Jane wakes up, or maybe she was never asleep. Later, Abe will tell her that there were eighteen hours of agony. Maybe it never really ends. Some of it, Jane spends on the front stoop. She will not leave. Abe, bless him, listens. He knows her well. People walk by, but Jane doesn’t notice them. She sits and she stands. She holds Abe and asks him questions, or maybe she’s asking her mother. She throws up and he wipes her face with a towel he’s brought from inside. She eats two dates. She walks around the block once, and then the sun sets.
When they finally get to the hospital, the baby goes upside down. Downside up. He swivels. This feels like a mutiny, Jane says to a nurse at some point.
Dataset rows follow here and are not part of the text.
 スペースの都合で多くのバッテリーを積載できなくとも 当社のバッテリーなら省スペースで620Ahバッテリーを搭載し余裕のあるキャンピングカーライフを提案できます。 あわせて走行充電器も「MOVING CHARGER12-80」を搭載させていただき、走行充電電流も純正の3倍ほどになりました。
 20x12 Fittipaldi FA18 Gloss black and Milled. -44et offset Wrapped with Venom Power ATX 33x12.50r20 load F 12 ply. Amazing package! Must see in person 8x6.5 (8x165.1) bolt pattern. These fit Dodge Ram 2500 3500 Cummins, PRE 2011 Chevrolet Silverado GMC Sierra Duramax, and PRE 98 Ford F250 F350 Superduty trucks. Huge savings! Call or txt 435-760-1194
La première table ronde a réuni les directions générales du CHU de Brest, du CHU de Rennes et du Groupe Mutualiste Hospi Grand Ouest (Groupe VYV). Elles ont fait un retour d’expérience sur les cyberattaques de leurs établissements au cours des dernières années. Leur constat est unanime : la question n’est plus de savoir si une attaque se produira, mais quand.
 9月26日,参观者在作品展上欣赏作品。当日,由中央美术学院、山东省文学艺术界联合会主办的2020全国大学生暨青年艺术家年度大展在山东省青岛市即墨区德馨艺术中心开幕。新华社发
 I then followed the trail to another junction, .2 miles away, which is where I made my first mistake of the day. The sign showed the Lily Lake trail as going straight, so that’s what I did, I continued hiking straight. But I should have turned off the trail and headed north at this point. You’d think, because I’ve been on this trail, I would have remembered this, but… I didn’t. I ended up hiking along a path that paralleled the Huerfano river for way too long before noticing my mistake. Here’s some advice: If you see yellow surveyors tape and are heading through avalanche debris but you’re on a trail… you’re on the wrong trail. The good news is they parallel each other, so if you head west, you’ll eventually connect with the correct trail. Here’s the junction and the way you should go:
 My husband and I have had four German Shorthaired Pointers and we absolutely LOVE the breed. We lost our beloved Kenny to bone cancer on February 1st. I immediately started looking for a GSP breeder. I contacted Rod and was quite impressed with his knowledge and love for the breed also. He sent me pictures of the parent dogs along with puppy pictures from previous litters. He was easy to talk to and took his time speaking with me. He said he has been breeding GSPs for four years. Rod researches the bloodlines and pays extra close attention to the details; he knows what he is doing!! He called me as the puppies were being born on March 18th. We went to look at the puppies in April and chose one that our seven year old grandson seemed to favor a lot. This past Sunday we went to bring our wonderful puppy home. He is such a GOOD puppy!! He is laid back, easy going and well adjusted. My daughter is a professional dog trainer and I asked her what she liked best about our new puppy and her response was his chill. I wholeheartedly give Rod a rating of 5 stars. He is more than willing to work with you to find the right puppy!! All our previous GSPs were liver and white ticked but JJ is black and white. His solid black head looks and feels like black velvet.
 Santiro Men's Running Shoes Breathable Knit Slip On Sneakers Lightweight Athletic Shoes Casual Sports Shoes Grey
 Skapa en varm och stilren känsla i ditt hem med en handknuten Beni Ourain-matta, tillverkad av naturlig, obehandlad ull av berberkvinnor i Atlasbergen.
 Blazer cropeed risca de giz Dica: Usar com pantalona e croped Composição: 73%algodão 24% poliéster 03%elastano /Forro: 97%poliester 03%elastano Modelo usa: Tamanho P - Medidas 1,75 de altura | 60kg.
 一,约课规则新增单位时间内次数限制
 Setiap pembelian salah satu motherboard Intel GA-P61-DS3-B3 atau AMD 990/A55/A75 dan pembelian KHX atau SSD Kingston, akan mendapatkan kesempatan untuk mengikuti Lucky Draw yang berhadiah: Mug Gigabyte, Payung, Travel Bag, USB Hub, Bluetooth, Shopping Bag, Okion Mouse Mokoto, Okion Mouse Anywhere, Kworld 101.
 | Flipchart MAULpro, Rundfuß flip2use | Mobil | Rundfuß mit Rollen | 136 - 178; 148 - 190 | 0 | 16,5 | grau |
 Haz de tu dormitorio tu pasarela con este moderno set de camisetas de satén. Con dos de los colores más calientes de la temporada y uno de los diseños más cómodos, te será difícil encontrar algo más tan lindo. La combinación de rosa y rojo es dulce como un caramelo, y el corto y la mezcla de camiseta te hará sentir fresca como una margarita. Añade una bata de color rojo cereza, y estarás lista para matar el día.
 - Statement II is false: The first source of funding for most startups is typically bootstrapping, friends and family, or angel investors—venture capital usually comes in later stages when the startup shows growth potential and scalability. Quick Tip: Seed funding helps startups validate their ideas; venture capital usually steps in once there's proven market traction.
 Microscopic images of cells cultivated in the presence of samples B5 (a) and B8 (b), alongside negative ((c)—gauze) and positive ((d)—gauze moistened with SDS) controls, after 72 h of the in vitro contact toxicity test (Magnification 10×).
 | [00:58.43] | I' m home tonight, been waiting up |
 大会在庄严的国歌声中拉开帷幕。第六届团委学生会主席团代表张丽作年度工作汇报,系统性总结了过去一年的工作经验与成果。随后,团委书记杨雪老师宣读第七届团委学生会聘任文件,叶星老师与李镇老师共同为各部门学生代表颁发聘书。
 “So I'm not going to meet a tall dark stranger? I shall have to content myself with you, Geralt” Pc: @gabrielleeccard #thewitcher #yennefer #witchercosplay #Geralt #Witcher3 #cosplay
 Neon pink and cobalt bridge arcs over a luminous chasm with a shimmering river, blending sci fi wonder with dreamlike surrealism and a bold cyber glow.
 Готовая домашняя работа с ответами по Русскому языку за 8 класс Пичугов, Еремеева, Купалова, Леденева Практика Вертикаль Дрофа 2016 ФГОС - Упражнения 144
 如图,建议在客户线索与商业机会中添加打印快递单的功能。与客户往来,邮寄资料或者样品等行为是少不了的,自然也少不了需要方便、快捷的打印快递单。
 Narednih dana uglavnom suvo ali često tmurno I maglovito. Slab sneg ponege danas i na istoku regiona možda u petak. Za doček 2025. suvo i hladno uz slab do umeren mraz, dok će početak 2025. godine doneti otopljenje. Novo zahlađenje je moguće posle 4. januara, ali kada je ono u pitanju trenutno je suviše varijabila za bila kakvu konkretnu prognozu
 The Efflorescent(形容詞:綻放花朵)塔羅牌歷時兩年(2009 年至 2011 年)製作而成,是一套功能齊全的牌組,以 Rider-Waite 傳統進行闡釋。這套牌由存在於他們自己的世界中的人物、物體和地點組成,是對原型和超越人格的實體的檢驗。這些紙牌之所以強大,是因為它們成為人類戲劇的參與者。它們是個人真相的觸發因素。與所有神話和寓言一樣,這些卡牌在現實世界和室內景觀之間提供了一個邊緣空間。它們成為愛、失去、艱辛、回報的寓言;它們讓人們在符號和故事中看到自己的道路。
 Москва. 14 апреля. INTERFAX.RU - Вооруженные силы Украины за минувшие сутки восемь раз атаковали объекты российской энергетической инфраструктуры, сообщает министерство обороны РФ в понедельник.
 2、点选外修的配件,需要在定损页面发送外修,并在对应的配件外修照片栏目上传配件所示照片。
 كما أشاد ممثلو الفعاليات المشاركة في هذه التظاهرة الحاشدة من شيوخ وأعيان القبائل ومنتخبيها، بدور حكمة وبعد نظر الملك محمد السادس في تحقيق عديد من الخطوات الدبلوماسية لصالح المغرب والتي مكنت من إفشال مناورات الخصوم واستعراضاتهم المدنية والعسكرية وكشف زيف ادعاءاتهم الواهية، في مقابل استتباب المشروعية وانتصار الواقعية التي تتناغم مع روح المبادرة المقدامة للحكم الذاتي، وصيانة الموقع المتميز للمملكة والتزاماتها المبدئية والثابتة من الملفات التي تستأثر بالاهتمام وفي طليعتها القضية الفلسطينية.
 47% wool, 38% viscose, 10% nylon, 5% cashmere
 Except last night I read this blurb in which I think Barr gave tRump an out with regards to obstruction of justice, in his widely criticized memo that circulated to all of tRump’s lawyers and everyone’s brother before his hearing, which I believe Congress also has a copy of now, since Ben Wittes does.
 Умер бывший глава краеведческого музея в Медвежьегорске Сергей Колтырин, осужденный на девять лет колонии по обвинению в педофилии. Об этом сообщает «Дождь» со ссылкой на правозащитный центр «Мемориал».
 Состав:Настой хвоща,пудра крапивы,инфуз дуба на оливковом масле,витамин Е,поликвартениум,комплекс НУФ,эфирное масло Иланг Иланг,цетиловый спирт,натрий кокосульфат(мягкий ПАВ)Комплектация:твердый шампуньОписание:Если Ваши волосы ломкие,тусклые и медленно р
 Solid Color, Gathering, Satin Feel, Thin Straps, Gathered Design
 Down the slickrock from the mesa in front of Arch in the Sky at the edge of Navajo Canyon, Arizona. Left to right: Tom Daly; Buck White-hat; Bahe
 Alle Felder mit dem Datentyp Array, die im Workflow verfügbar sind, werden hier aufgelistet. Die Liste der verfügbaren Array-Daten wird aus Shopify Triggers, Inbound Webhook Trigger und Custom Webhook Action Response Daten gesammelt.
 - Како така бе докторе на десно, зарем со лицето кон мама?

It always does, honey, she says. Always.
When Jane swims out of it, upstream, everything feels like slicing. The baby is shrieking. Jane asks for her mother and then closes her eyes.
Abe is holding the baby. Has she held him yet? She’s afraid her arms cannot bear his weight. She is afraid of him. Or is it that she’s afraid of herself? She cannot do this, she thinks. She wants to reverse time, turn off the volume, shut everything off.
He is healthy, Abe whispers.
Thank you, Jane says.
But she doesn’t want to hold him. Not yet.
On the first night and every night after, Jane closes her eyes against Max’s crying. She knows it is wrong but she cannot help it. His voice makes her itch. Worse. It makes her ache but not like longing. Like disgust. And Max will not latch. Jane cannot feed him. She cannot nourish her own son.
Jane has heard other mothers talking of the deliciousness of babies. Jane doesn’t think Max smells delicious; he smells rotten. She gets close and then squinches her face as though she herself is rotten from the inside, vinegared, soured. There is something wrong with her to feel this way, and yet she cannot help it. She doesn’t want to hold him, be alone with him, rock him. Everything is all wrong.
And though Jane longs to feel peaceful, strong, despite, she cannot. There is no break. It just starts up again. It hurts to walk, to eat, to cry. The only thing that doesn’t hurt is dreaming. At the window, Jane dreams of her watercolor. It is unfinished. She dreams of her mother. Sometimes, she can hear her. Sometimes, she cannot. There is so much crying.
And yet, Abe is here. He is holding them both. His mother comes. Takes the baby. But still, there is no rest. Jane is not dreaming but it is a nightmare, this. No sleep. No waking up.